Todos los asistentes a la reunión se habían levantado y habían acudido a la ventana para ver lo sucedido. Habían llegado más coches de policía,, porque la gente había cesado de pegarse entre ellos para emprenderla contra los agentes. Más ambulancias llegaban.
-Bueno, señores. El espectáculo se ha acabado. Vuelvan a sus asientos y continuemos con la reunión por favor-; dijo Ariza mirando a Chávez con el odio que le profesaba elevado al cubo. La gente felicitaba a Chávez por su ocurrencia y por sus palabras. Era una victoria más del periodista veterano, destetado en la transición, desaliñado, enclenque, y que sin embargo resultaba tan atractivo a todos y a todas. Sobre todo a todas. Marta, la chica becaria, miró una vez más con admiración a Chávez. Este le guiñó un ojo y le sonrió. Aquello no pasó desapercibido a los ojos de Ariza que lo odió aún más.

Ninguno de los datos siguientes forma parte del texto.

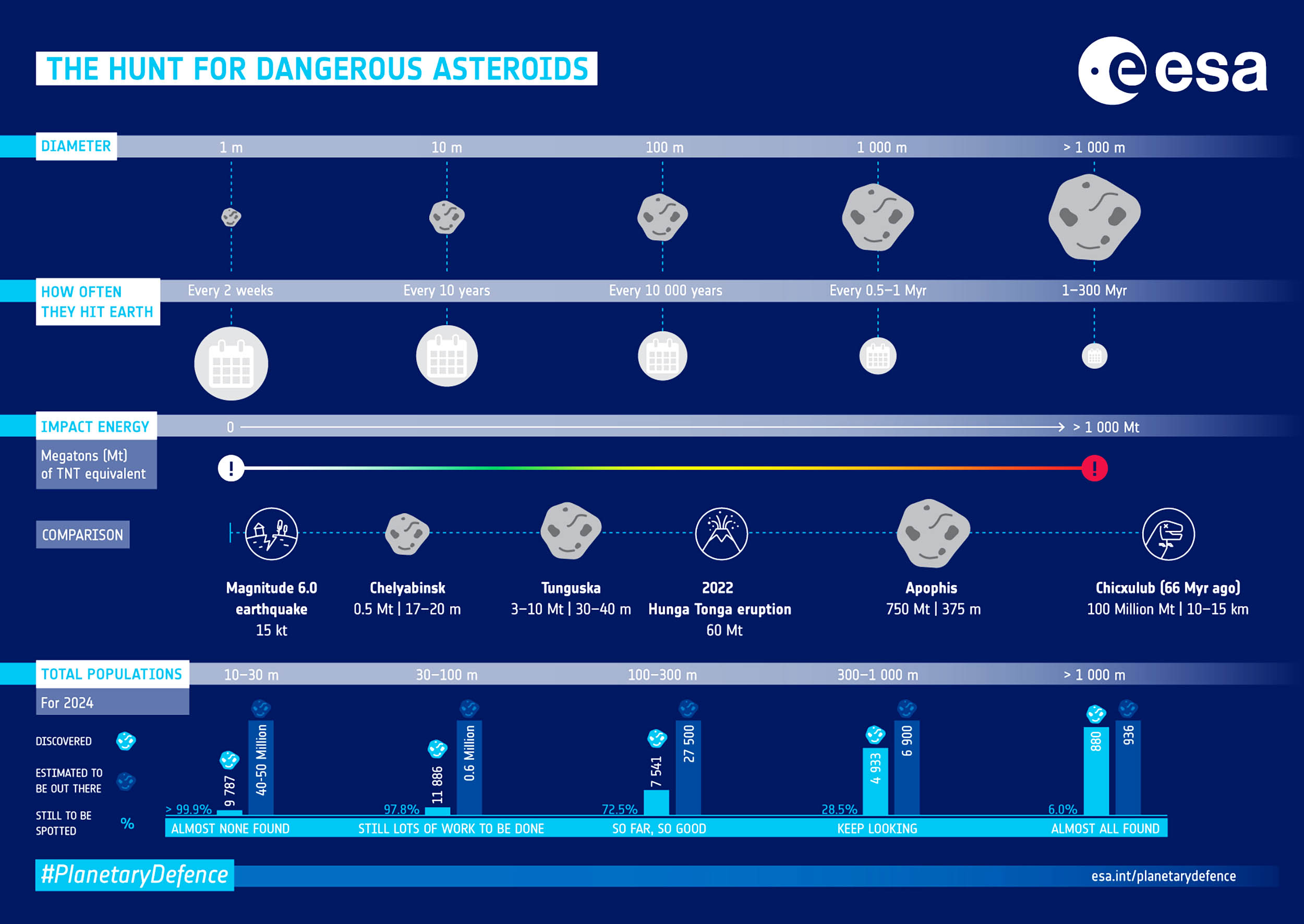 Today the main focus is on mid-sized asteroids between about 330 and 980 feet (100 and 300 meters) wide.

La runión continuó hora y media más. El periódico seguiría en su linea, como era de esperar. Todos salieron de la redacción. Ariza bajó al parking y arrancó su BMW nuevo. Salió del edificio y al pasar por la marquesina de la parada del autobús vio a Marta, la becaria, muy acaramelada hablando con Chávez. En un aparte, Ariza, le había propuesto salir a tomar algo y después llevarla a su casa en el coche, y la chica lo había rechazado. Definitivamente aquel tipo, Chávez era odioso, se decía a si mismo mientras pisaba el acelerador y los dejaba atrás. Frente a la parada del autobús, quedaban los restos de la batalla campal, entre los buscadores de comida en la basura del súper y la policía, con un resultado desigual para los primeros. Policías y medicos de emergencias se esmeraban por apagar los rescoldos y atender a los heridos.
El autobus llegó y Chávez y la chica subieron a él. Fueron hacia la parte de atrás del autobus, que a esas horas iba vacío. Ella acaració la mano de Chávez y los dos se fundieron en un largo beso.